What this trouble was Alice was never quite sure, but it must have been significant, because after the crisis had been resolved Bob and Betsy were offered the Valhalla gatehouse and moved in when Alice was eight.
In exchange for living there rent-free, Bob gave up his job at the accountancy firm and looked after the orchards, as well as Wilder’s business affairs – his tax, his finances, his deals with foreign publishers, the administration of family matters, and so on.
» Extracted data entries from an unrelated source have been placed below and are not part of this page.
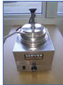
(1 of 8) Hot Fudge Dispenser(s)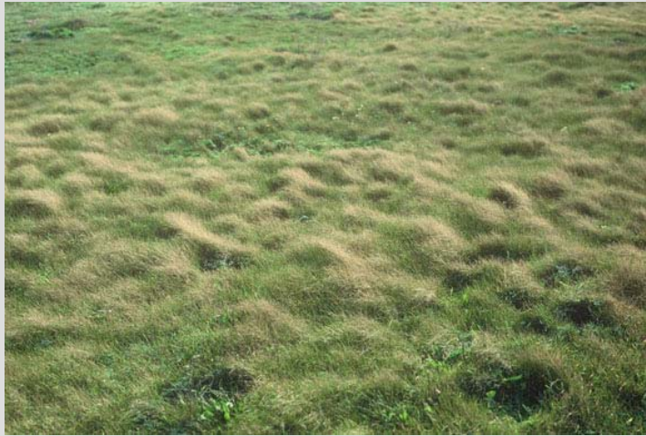
Festuca rubra ~ Jughandle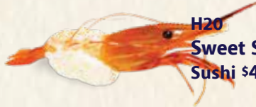
H20 Sweet Shrimp 甜蝦 Sushi $4 Sashimi $4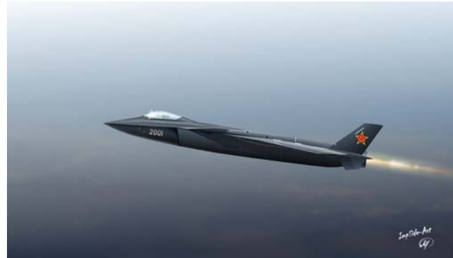
Artist's rendering of a Chinese J-20 stealth fighter. 5

The days of American hegemony over most of the world will soon be over.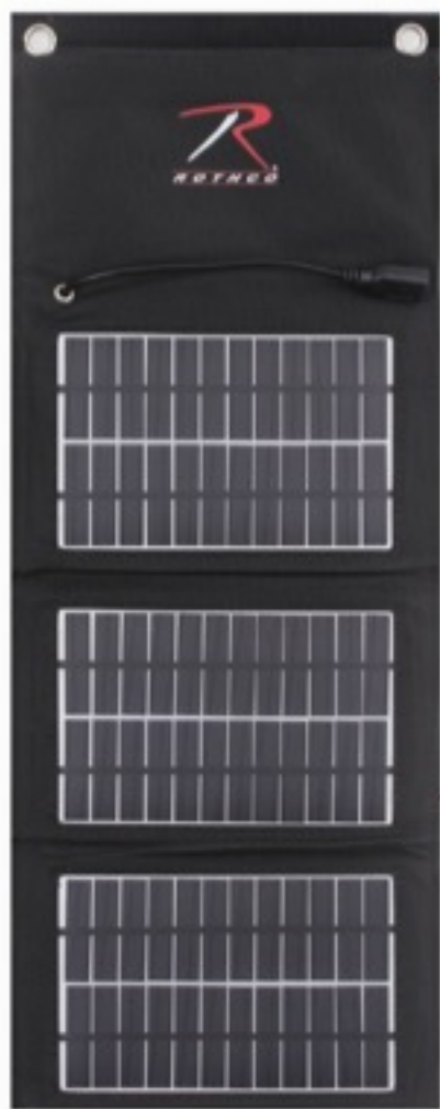
2116 SOLAR PANEL, NO POWER BANK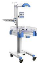
AG-IRW002A Infant radiant warmer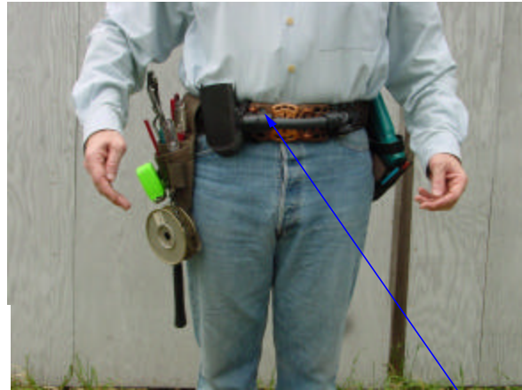
Arm and screen tuck out of the way for climbing etc.

lightweight, strong, self-cooling and tensioning, easily adapts. Configurable and will “dock”.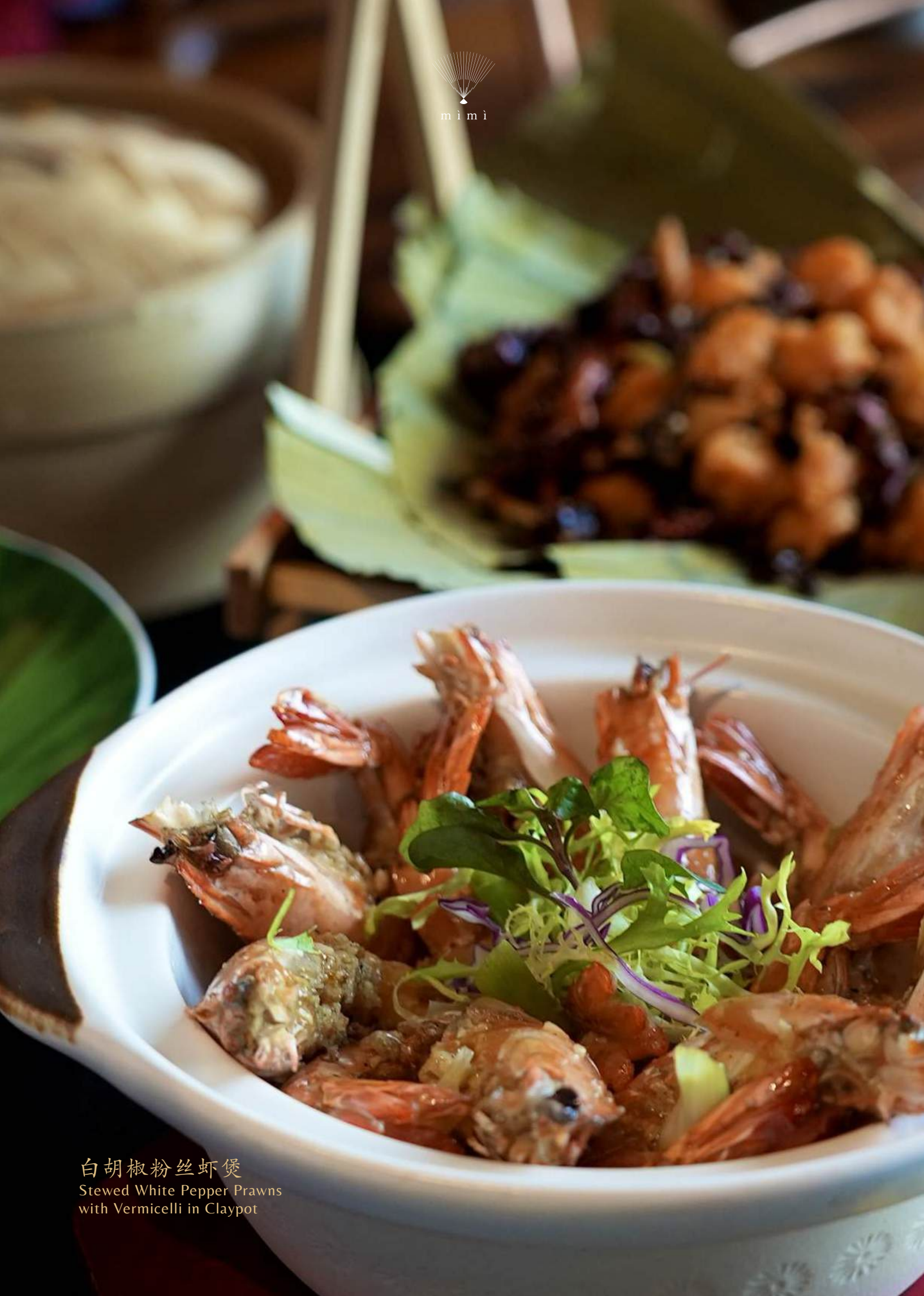
白胡椒粉丝虾煲 Stewed White Pepper Prawns with Vermicelli in Claypot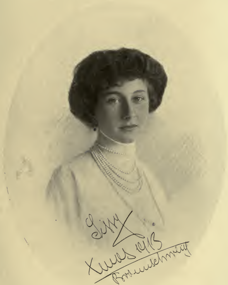
THE DUCHESS OF BRUNSWICK (PRINCESS VICTORIA LOUISE OF PRUSSIA) YOUNGEST CHILD AND ONLY DAUGHTER OF THE GERMAN EMPEROR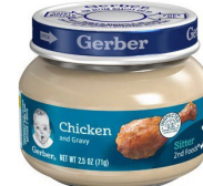
Chicken & Gravy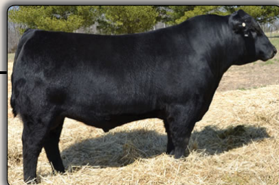
Musgrave Aviator Sire of Lot 23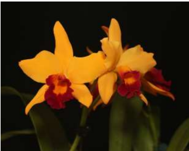
Blc Orange Magic (Lc Tokyo Magic x Blc Orange Nugget)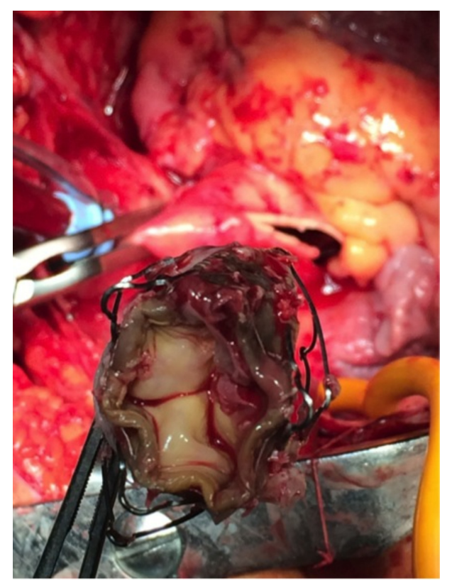
Fig. (2). TAVI explanted valve with vegetations.

Two weeks after completion of the 6-week antibiotic treatment she was readmitted with fever, a new aortic diastolic murmur and signs of peripheral embolism (Fig. 1). The patient was treated empirically with vancomycin and cefepime. A new TEE showed a periannular abscess (Movie (Supportive/Supplementary Material). P. aeruginosa with the same antibiotic resistance phenotype of previous isolation grew in all of 4 blood cultures. Laboratory tests were remarkable for a white blood cells count of 9,400 per mm<sup>3</sup> (85% neutrophils), haematocrit 34%, haemoglobin 11.3 g/dL, erythrocyte sedimentation rate of 40 mm/hr and C-reactive protein of 205 mg/L. With diagnosis of early (< 60 days) PVE due to P. aeruginosa complicated with periannular abscess an open SAVR was performed despite a logistic EuroSCORE of 78.5% and STS score of 54.9% at that time (Figs. 2-4). Drainage of the abscess and closure of the fistulous tract was performed with replacement of the aortic prosthesis with a homograft. Antimicrobial treatment was switched to piperacillin-tazobactam and amikacin for 2 weeks. She was discharged on ciprofloxacin and cefepime for completing additional 4 weeks as outpatient parenteral antibiotic therapy. After one year of follow up the patient is in good clinical condition with no evidence of infection relapse.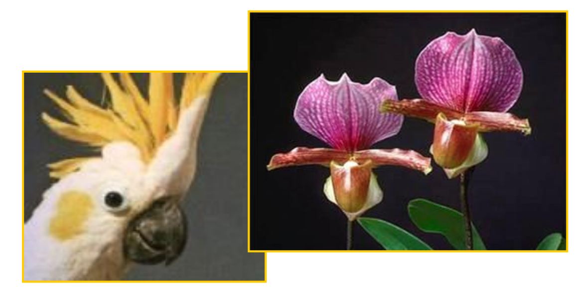
* Live, dead, parts, and derivatives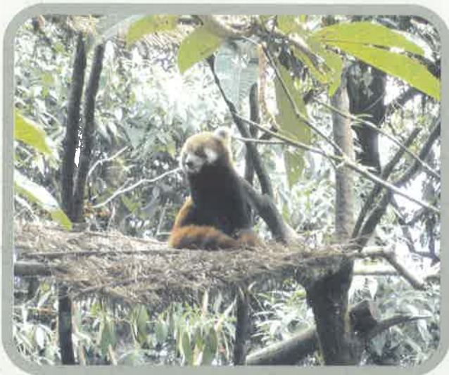
Captive bred Red panda at PNHZP Darjeeling

The Sub-Committee on Conservation Breeding met on 24.5.2005 and again on 15.9.2005 during the year. Sub-Committee recommended that endangered wild animal species with less than 2500 animals left in the wild and less than 100 animal of the species in captive conditions will be taken up for planned conservation breeding in Indian Zoos. Two-four Zoos in the natural distribution zone of the identified species will participate in the conservation breeding programme whereas the off-display conservation breeding facilities will be created in one-two Zoos in the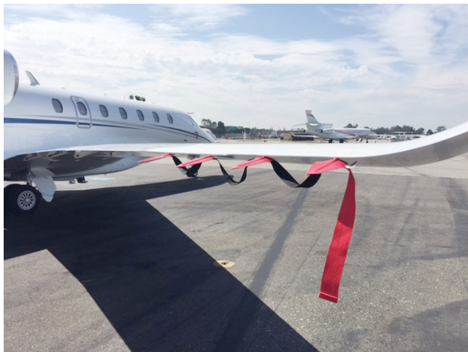
Citation X Static Wick Protectors

The Engine Exhaust Plugs are custom fit for your Cessna Citation X (750) exhaust openings, made with heavy-duty vinyl material, and stuffed with a single block of sculpted urethane foam. Each plug has a zipper that allows the foam to be removed and dried if necessary. Exhaust plugs have 'remove before flight' streamers sewn onto the face of the plugs. Most plugs are imprinted with the aircraft registration number in black for an extra charge. Exhaust plugs may be inserted soon after flight when the engine is still warm. Engine Inlet Plugs are commonly referred to as Cowl Plugs, Intake Plugs, Cowl Blocks, Engine Blocks, and Engine Bungs.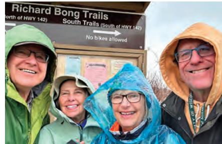
Rain didn't deter these Vagabond hikers from enjoying Bong Recreation Area.

Dec. 29 – Lapham Peak State Park: Take I-94 west to Hwy. C, then turn left to park entrance. Meet at the middle parking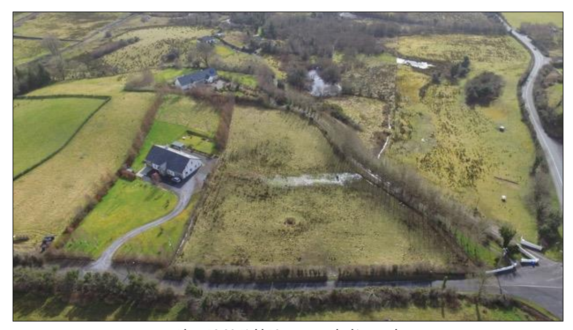
Plate 10.29 Field 10 at centre, looking south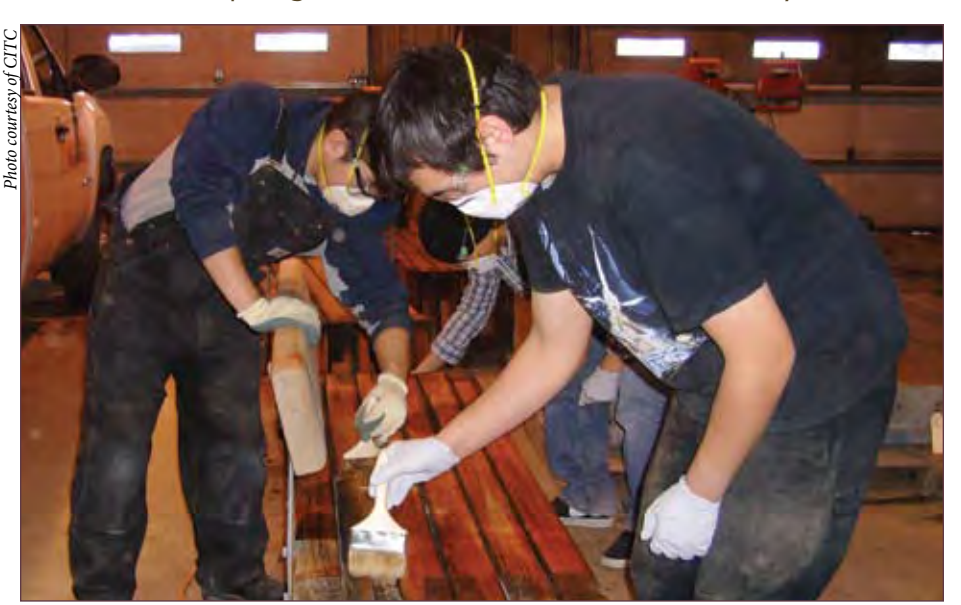
A component of the YouthBuild program is 40 hours of volunteer service. Here, enrollees work on completing a bench for the Municipality of Anchorage.

Five-month program can transform lives of youth

While it meant he was always around for Alice and her mother, it also obscured the fact that Bob was not at all suited to this role of meeting someone else’s whims and needs, firefighting, managing many diffuse, boring, unpredictable tasks.
The matter with the IRS had been extremely simple, easy for someone like him to solve.
He didn’t care about bookkeeping or accounts. He wanted something of his own.
Fifteen months earlier, Bob had borrowed the money to buy back the orchards, hoping to revive them and his family’s name, which had once been synonymous with apples and apple trees in that part of the world.
He would make apple sauce, juice, pies; have a stand at county fairs and Halloween and homecoming parades every fall.
‘Allie,’ he’d told her excitedly, ‘good times are coming our way.’